First published: 28 June, 2023 | Last edited: 26 June, 2025 || 📚🕒 Reading Time: < 1 minute ||

A stimulus (plural: stimuli) refers to any physical or sensory input from the environment that elicits a response or reaction from someone. It can be any sensory information, such as sound, light, touch, taste, or smell, that triggers a biological or behavioural response. Stimuli can range from simple to complex and vary in intensity and duration. They play a crucial role in sensory processing, perception, and learning, providing the necessary information for people to interact with and adapt to their surroundings.

What counts as a stimulus?

A stimulus is any change or event in the environment (internal or external) that an organism can detect and that triggers a response in the nervous system. For humans, stimuli encompass everything we perceive through our senses, including sight, hearing, touch, taste, smell, and internal sensations.

What do stimuli have to do with neurodivergence?

In neurodivergent conditions like autism, ADHD, and sensory processing disorders, the brain often processes stimuli differently than in neurotypical individuals. These differences can include being overly sensitive to certain stimuli (hypersensitivity), under-responsive to others (hyposensitivity), or having difficulty filtering out irrelevant stimuli (habituation).

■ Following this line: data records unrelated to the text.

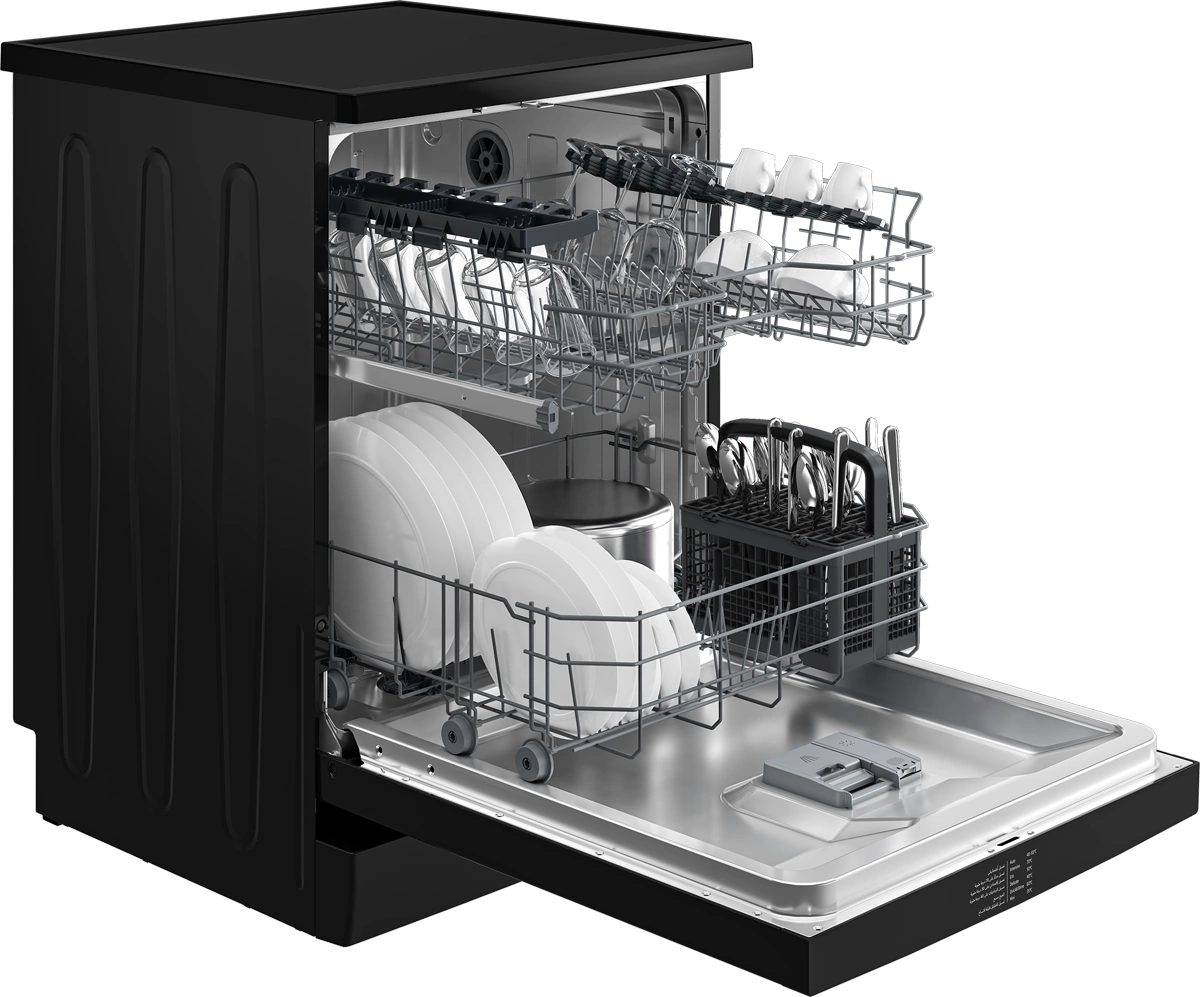 جلاية بيكو BDFN16422B بحجم كامل قائمة بذاتها، مصممة لاستيعاب حتى 14 طقمًا. تحتوي على 6 برامج غسيل متنوعة و3 مرشات مياه لضمان تنظيف شامل لمختلف أنواع الأطباق. تتميز بكفاءة طاقة A++ ومحرك إنفرتر لأداء موفر للطاقة وهادئ، مع لمسة نهائية سوداء أنيقة تناسب المطابخ الحديثة.
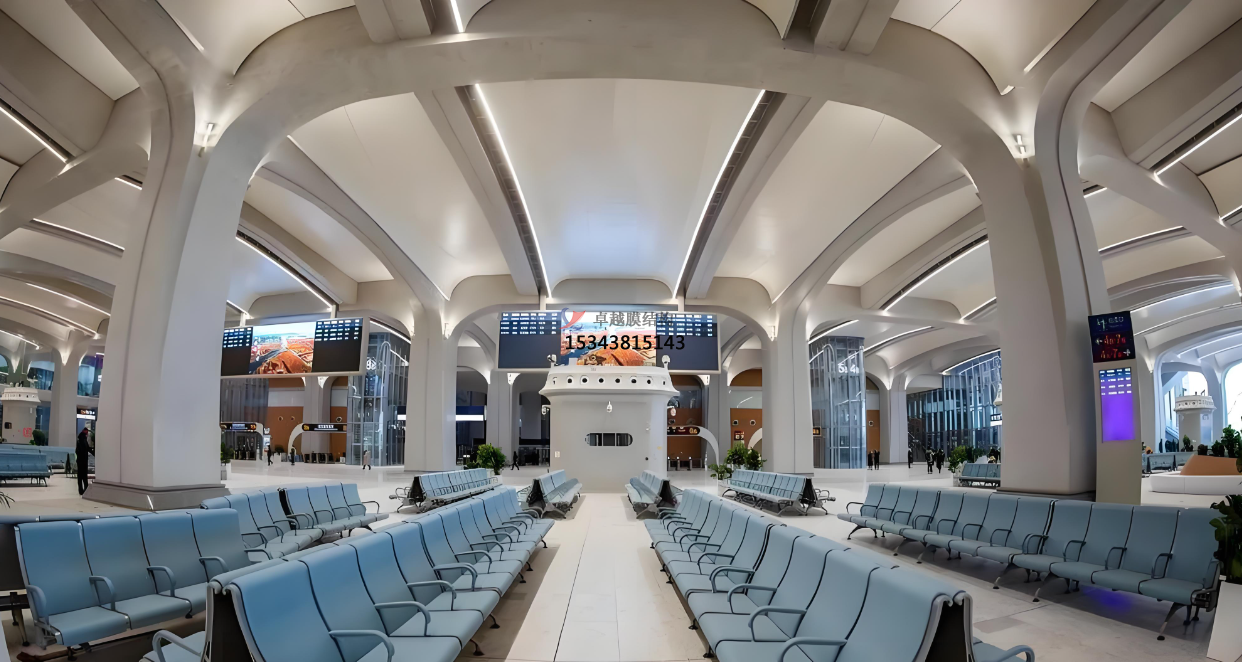 膜結(jié)構(gòu)可以通過(guò)不同的造型和組合方式,實(shí)現(xiàn)高鐵站內(nèi)部空間的靈活劃分。在一些高鐵站中,利用膜結(jié)構(gòu)設(shè)置了獨(dú)立的貴賓候車(chē)區(qū)、母嬰候車(chē)室等功能區(qū)域。這些區(qū)域既與整體候車(chē)大廳相互連通,又通過(guò)膜結(jié)構(gòu)的巧妙設(shè)計(jì)形成相對(duì)獨(dú)立的空間,滿(mǎn)足了不同旅客群體的個(gè)性化需求,提升了高鐵站的服務(wù)質(zhì)量。
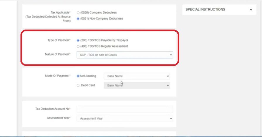 As of now no challan is available to make payment of TCS collected on sale of goods. If you visit Tin-NSDL website which is used to make tax payment you won’t find an option to deposit TCS collected on sale of goods under nature of payment.
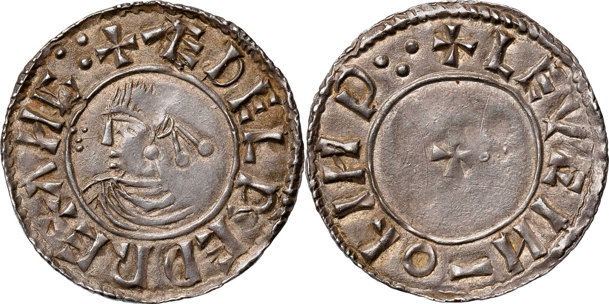 ENGLAND. Æthelred II (978-1016). LINCOLN. Penny. First small cross type, c. 978-979. Diademed bust right )( Small cross. +ÆÐELRED REX ANG⸪ )( +LEVEI N¯O LIN D⸪. Spink 1143. North 764. Mossop II:20 (Detta mynt!). 1,46 g. Obetydliga rispor. Mycket vacker patina. Hairlines. Very beautiful patina.
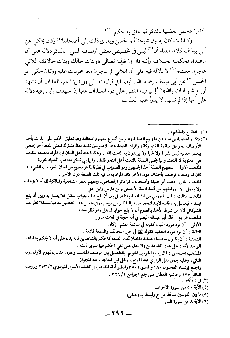 كَثِيرَةٍ فَخُصَّ بَعْضُهَا بِالذِّكْرِ ثُمَّ عُلِّقَ بِهِ حُكْمٌ. وَكَذَلِكَ كَانَ يَقُولُ شَيْخُنَا أَبُو الْحَسَنِ وَيُعْزِي ذَلِكَ إلَى أَصْحَابِنَا وَكَانَ يَحْكِي عَنْ أَبِي يُوسُفَ كَلَامًا مَعْنَاهُ أَنْ لَيْسَ فِي تَخْصِيصِ بَعْضِ أَوْصَافِ الشَّيْءِ بِالذِّكْرِ دَلَالَةٌ عَلَى أَنَّ مَا عَدَاهُ فَحُكْمُهُ بِخِلَافِهِ وَأَنَّهُ قَالَ إنَّ قَوْله تَعَالَى: {وَبَنَاتِ خَالِكَ وَبَنَاتِ خَالَاتِكَ اللَّاتِي هَاجَرْنَ مَعَك} [الأحزاب: 50] لَا دَلَالَةَ فِيهِ عَلَى أَنَّ اللَّاتِي لَمْ يُهَاجِرْنَ مَعَهُ مُحَرَّمَاتٌ عَلَيْهِ (وَكَانَ حَكَى أَبُو الْحَسَنِ عَنْ أَبِي يُوسُفَ - رَحِمَهُ اللَّهُ -. أَيْضًا) فِي قَوْله تَعَالَى {وَيَدْرَأُ عَنْهَا الْعَذَابَ أَنْ تَشْهَدَ أَرْبَعَ شَهَادَاتٍ بِاَللَّهِ} [النور: 8] إنَّمَا فِيهِ النَّصُّ عَلَى دَرْءِ الْعَذَابِ عَنْهَا إذَا شَهِدَتْ وَلَيْسَ فِيهِ دَلَالَةٌ عَلَى أَنَّهَا إذَا لَمْ تَشْهَدْ لَا يُدْرَأُ عَنْهَا الْعَذَابُ.
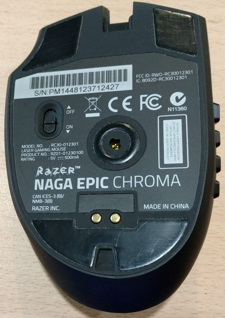 En la parte frontal podemos ver el logo de Razer y al estar encendido se logra apreciar en la rueda deslizante su iluminación Led Chroma configurable de hasta 16.8 millones de colores mediante el software Razer Synapse. También podemos apreciar los botones clásicos (izquierdo y derecho) y dos botones en el centro programables (por defecto para ajustar la sensibilidad del sensor). Mientras que en la parte de atrás del ratón podemos ver las típicas indicaciones y advertencias del mismo, junto a su interruptor de encendido y apagado.
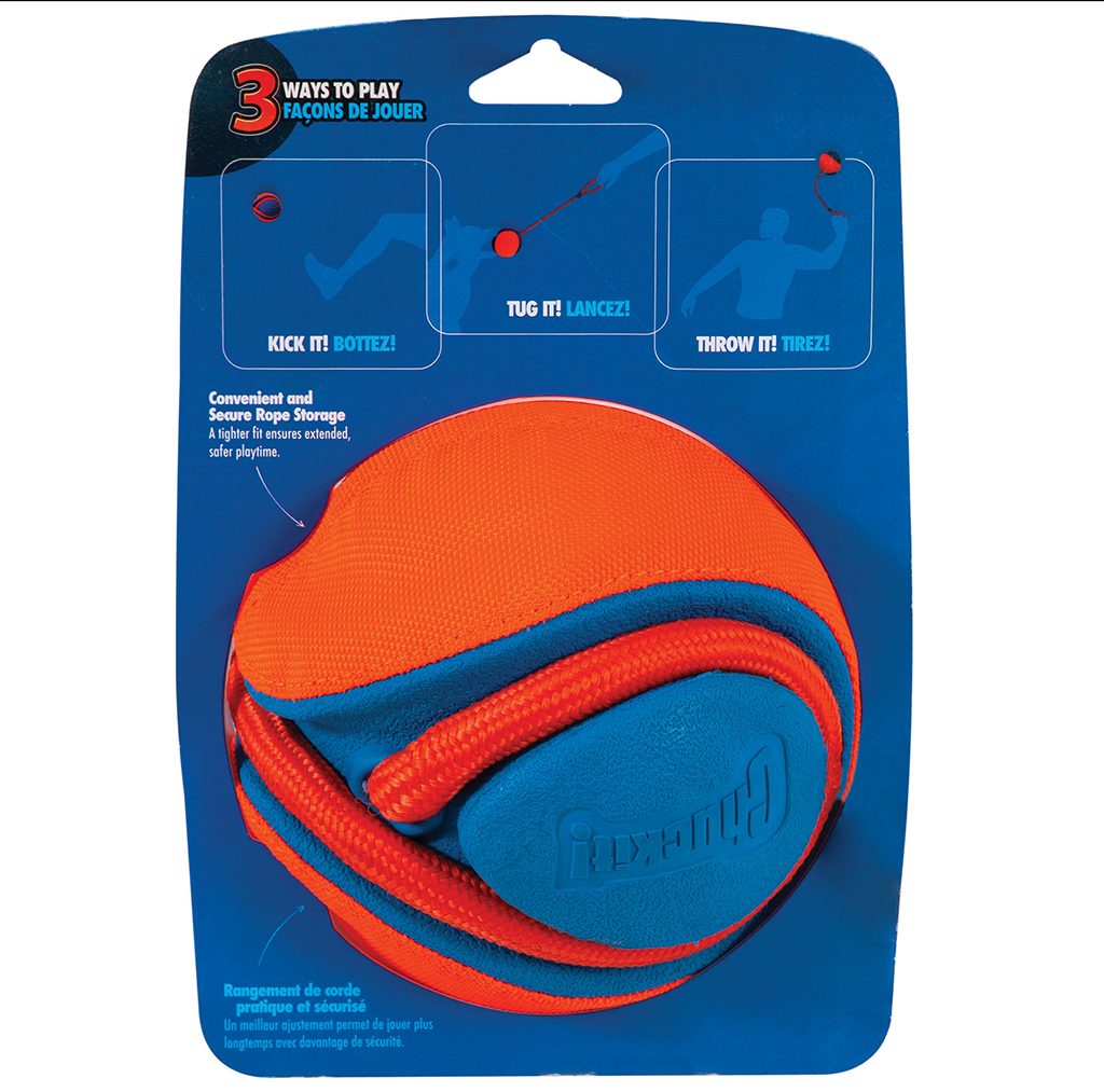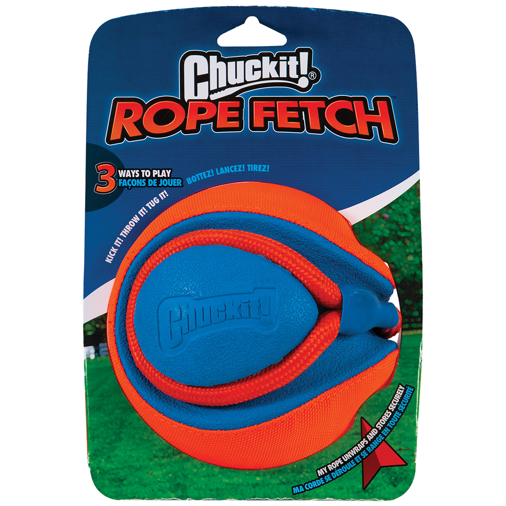 Kick it! Tug it! Throw it! The Chuckit!® Rope Fetch™ dog toy combines three ways to play into one unique toy. Transform the Rope Fetch into a tug toy by unwrapping the rope from the ball. Made from durable polyester oxford material, the rope features a handle for the pet owner while the ball features easy grip indentions that make it easy for your pet to bite or catch. Use the rope to throw the Rope Fetch farther during games of fetch. Wrap the rope securely around the easy grip design to enjoy kicking the ball around with your pup. Whether your dog likes to play fetch or tug-o-war, the Chuckit! Rope Fetch offers everything you'll need.

The brain may struggle with sensory integration—combining information from multiple senses—or may process certain types of stimuli with unusual intensity or focus.

These differences in stimulus processing contribute to many characteristic presentations and experiences of neurodivergent individuals, including sensory seeking or avoidance behaviours, difficulty maintaining attention in stimulating environments, and sensory overwhelm or shutdown in response to excessive stimulation.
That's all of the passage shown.